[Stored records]
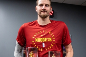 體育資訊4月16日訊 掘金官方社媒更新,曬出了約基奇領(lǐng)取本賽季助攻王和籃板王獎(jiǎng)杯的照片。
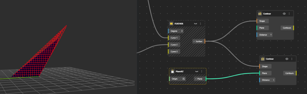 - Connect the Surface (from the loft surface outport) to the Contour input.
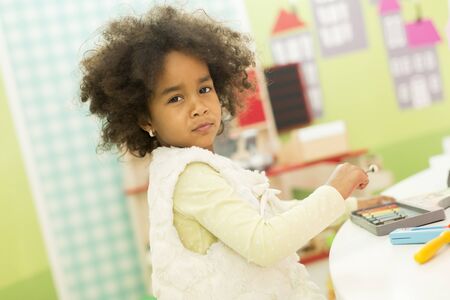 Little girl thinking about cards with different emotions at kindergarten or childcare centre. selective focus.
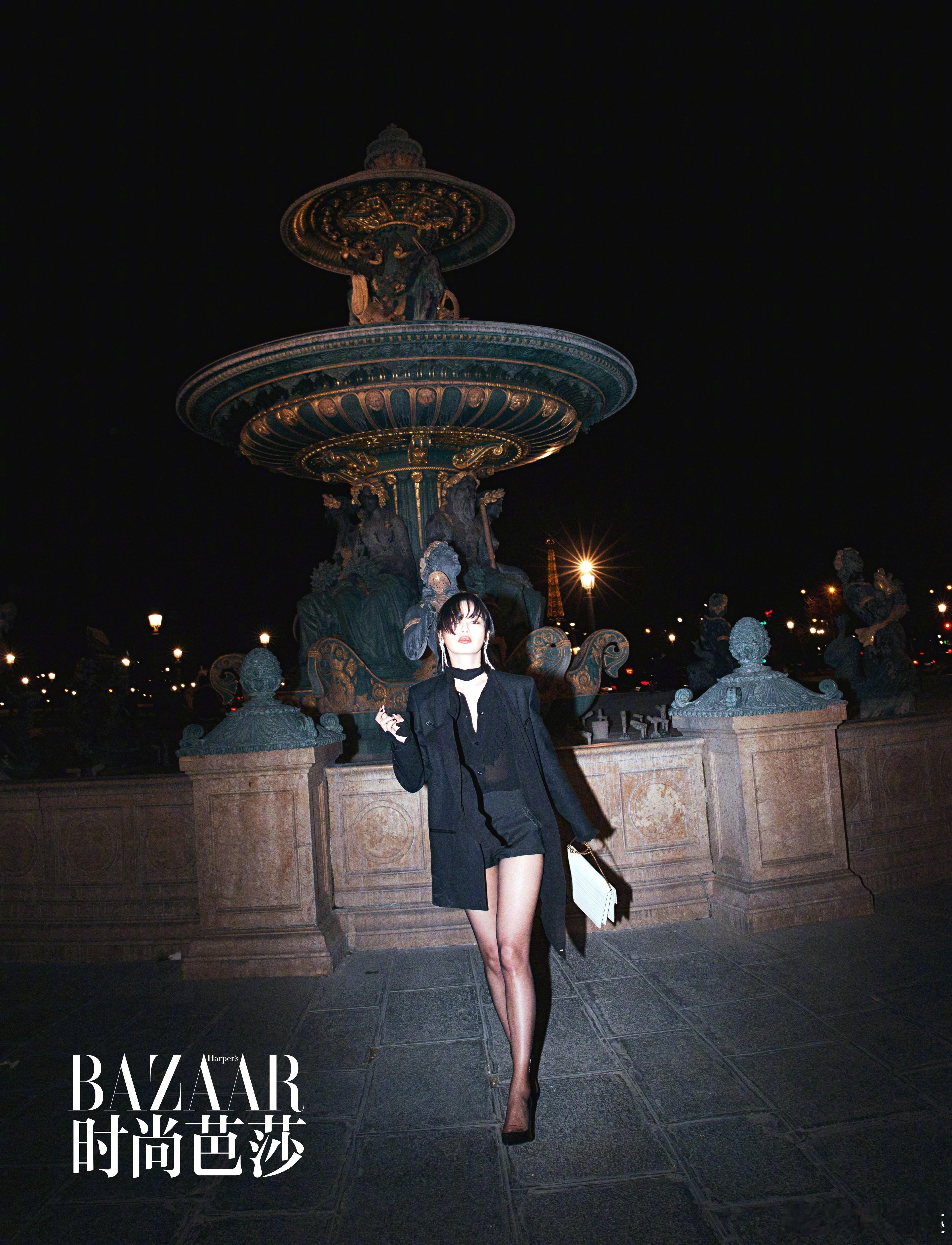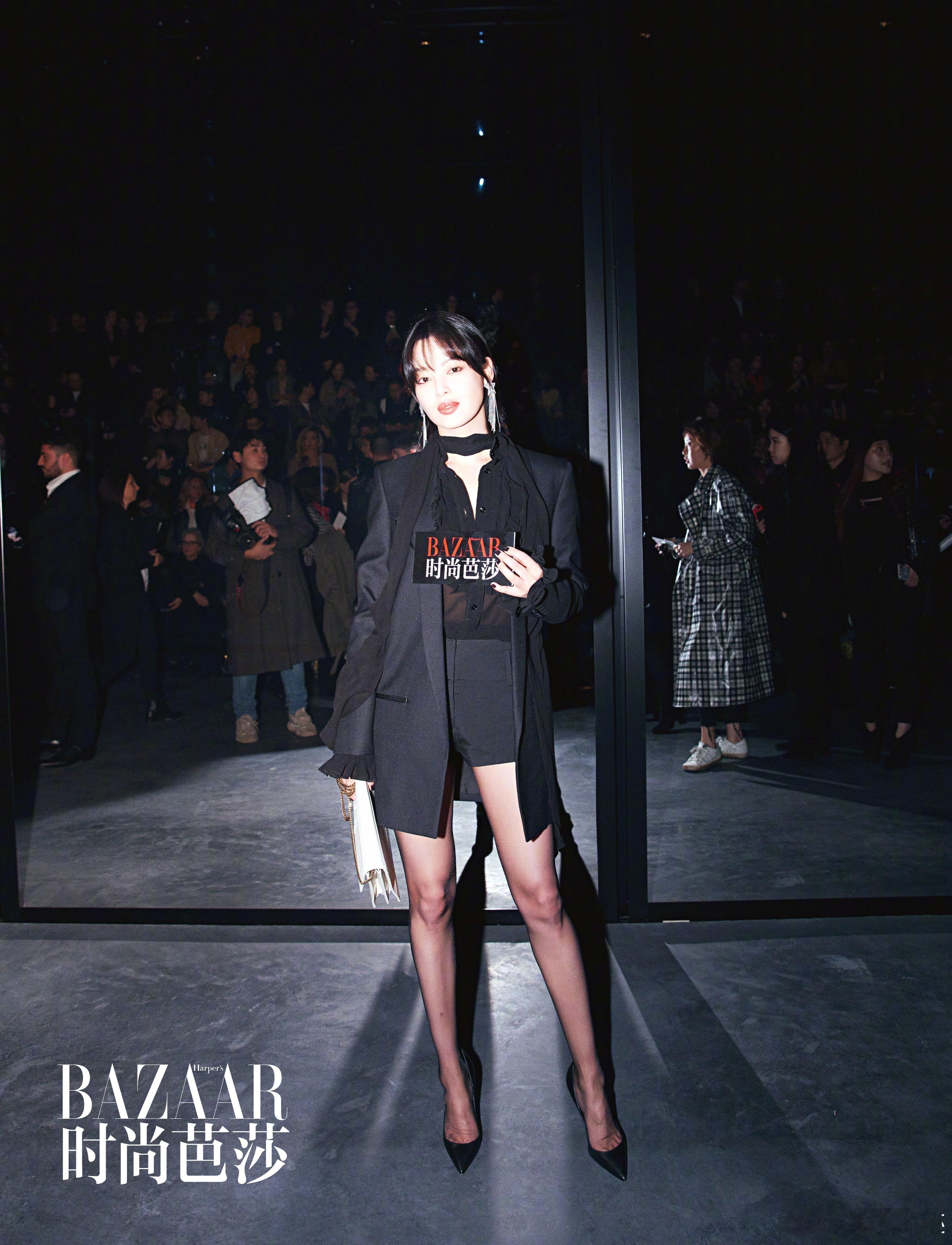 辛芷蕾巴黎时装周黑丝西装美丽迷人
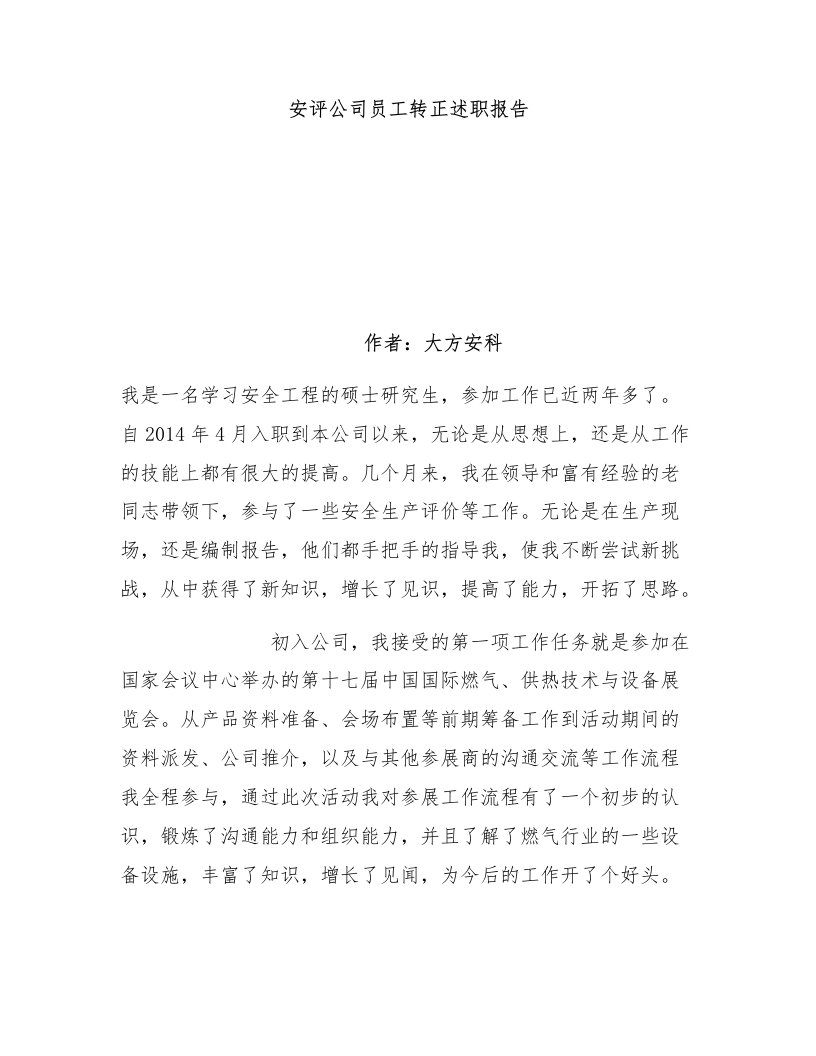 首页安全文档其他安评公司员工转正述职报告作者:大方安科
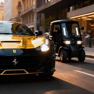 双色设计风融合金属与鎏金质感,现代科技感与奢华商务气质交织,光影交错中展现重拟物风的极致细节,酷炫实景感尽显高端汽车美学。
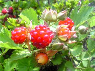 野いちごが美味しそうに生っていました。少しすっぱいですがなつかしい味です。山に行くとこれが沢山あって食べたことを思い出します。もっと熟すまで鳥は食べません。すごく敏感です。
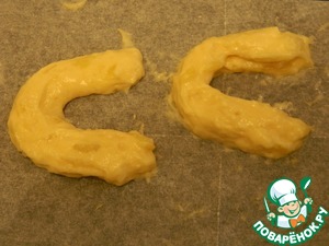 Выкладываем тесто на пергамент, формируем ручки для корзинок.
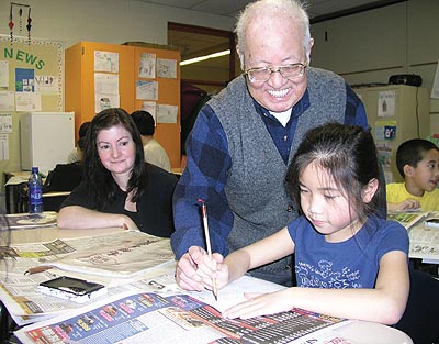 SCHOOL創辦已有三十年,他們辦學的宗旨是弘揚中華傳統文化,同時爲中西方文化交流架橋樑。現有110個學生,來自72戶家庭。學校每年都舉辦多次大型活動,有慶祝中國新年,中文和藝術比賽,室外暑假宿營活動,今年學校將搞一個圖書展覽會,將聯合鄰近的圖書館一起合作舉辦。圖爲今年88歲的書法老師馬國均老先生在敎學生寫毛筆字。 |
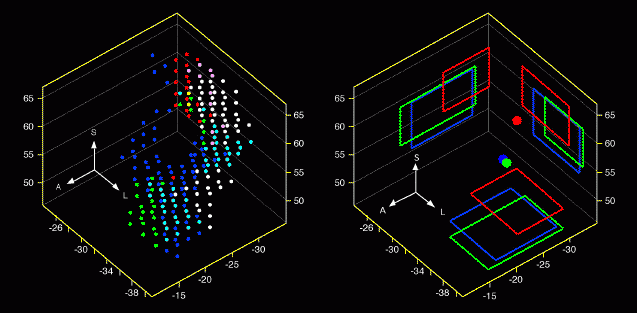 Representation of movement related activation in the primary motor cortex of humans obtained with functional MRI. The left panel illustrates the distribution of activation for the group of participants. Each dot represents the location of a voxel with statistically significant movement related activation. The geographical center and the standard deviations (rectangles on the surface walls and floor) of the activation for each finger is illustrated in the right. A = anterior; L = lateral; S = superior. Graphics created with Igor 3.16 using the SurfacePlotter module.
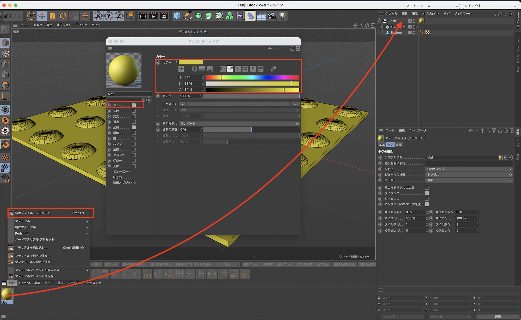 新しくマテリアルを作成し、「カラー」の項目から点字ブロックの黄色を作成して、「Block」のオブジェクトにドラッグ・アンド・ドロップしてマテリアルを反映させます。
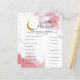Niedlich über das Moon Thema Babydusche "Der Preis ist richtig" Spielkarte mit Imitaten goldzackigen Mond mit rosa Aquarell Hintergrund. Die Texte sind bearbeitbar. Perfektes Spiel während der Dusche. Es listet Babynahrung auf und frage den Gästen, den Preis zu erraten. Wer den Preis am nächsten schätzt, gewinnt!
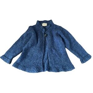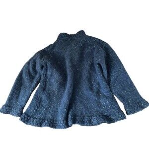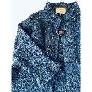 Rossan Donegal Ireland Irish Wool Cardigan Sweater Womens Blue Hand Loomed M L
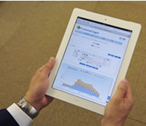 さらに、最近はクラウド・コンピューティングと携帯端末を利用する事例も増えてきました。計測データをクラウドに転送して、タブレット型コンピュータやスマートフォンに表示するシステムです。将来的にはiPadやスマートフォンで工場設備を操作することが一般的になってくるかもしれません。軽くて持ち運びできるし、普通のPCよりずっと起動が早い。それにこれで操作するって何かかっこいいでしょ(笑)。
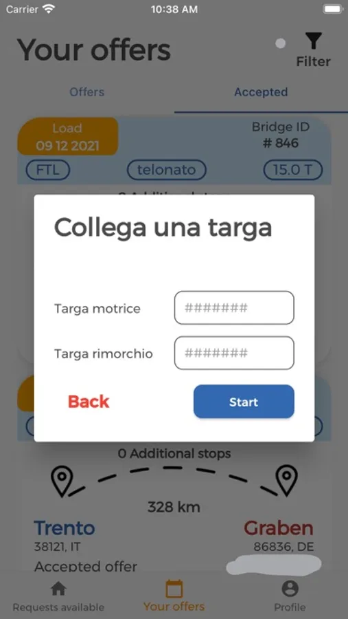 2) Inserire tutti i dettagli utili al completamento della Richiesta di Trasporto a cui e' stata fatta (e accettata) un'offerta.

> Your instructions
Output the entries above verbatim, with no picture included.

> Response to the exercise
 體育資訊4月16日訊 掘金官方社媒更新,曬出了約基奇領(lǐng)取本賽季助攻王和籃板王獎(jiǎng)杯的照片。
 - Connect the Surface (from the loft surface outport) to the Contour input.
 Little girl thinking about cards with different emotions at kindergarten or childcare centre. selective focus.
 辛芷蕾巴黎时装周黑丝西装美丽迷人
 首页安全文档其他安评公司员工转正述职报告作者:大方安科
 双色设计风融合金属与鎏金质感,现代科技感与奢华商务气质交织,光影交错中展现重拟物风的极致细节,酷炫实景感尽显高端汽车美学。
 野いちごが美味しそうに生っていました。少しすっぱいですがなつかしい味です。山に行くとこれが沢山あって食べたことを思い出します。もっと熟すまで鳥は食べません。すごく敏感です。
 Выкладываем тесто на пергамент, формируем ручки для корзинок.
 SCHOOL創辦已有三十年,他們辦學的宗旨是弘揚中華傳統文化,同時爲中西方文化交流架橋樑。現有110個學生,來自72戶家庭。學校每年都舉辦多次大型活動,有慶祝中國新年,中文和藝術比賽,室外暑假宿營活動,今年學校將搞一個圖書展覽會,將聯合鄰近的圖書館一起合作舉辦。圖爲今年88歲的書法老師馬國均老先生在敎學生寫毛筆字。 |
 Representation of movement related activation in the primary motor cortex of humans obtained with functional MRI. The left panel illustrates the distribution of activation for the group of participants. Each dot represents the location of a voxel with statistically significant movement related activation. The geographical center and the standard deviations (rectangles on the surface walls and floor) of the activation for each finger is illustrated in the right. A = anterior; L = lateral; S = superior. Graphics created with Igor 3.16 using the SurfacePlotter module.
 新しくマテリアルを作成し、「カラー」の項目から点字ブロックの黄色を作成して、「Block」のオブジェクトにドラッグ・アンド・ドロップしてマテリアルを反映させます。
Niedlich über das Moon Thema Babydusche "Der Preis ist richtig" Spielkarte mit Imitaten goldzackigen Mond mit rosa Aquarell Hintergrund. Die Texte sind bearbeitbar. Perfektes Spiel während der Dusche. Es listet Babynahrung auf und frage den Gästen, den Preis zu erraten. Wer den Preis am nächsten schätzt, gewinnt!
 Rossan Donegal Ireland Irish Wool Cardigan Sweater Womens Blue Hand Loomed M L
 さらに、最近はクラウド・コンピューティングと携帯端末を利用する事例も増えてきました。計測データをクラウドに転送して、タブレット型コンピュータやスマートフォンに表示するシステムです。将来的にはiPadやスマートフォンで工場設備を操作することが一般的になってくるかもしれません。軽くて持ち運びできるし、普通のPCよりずっと起動が早い。それにこれで操作するって何かかっこいいでしょ(笑)。
 2) Inserire tutti i dettagli utili al completamento della Richiesta di Trasporto a cui e' stata fatta (e accettata) un'offerta.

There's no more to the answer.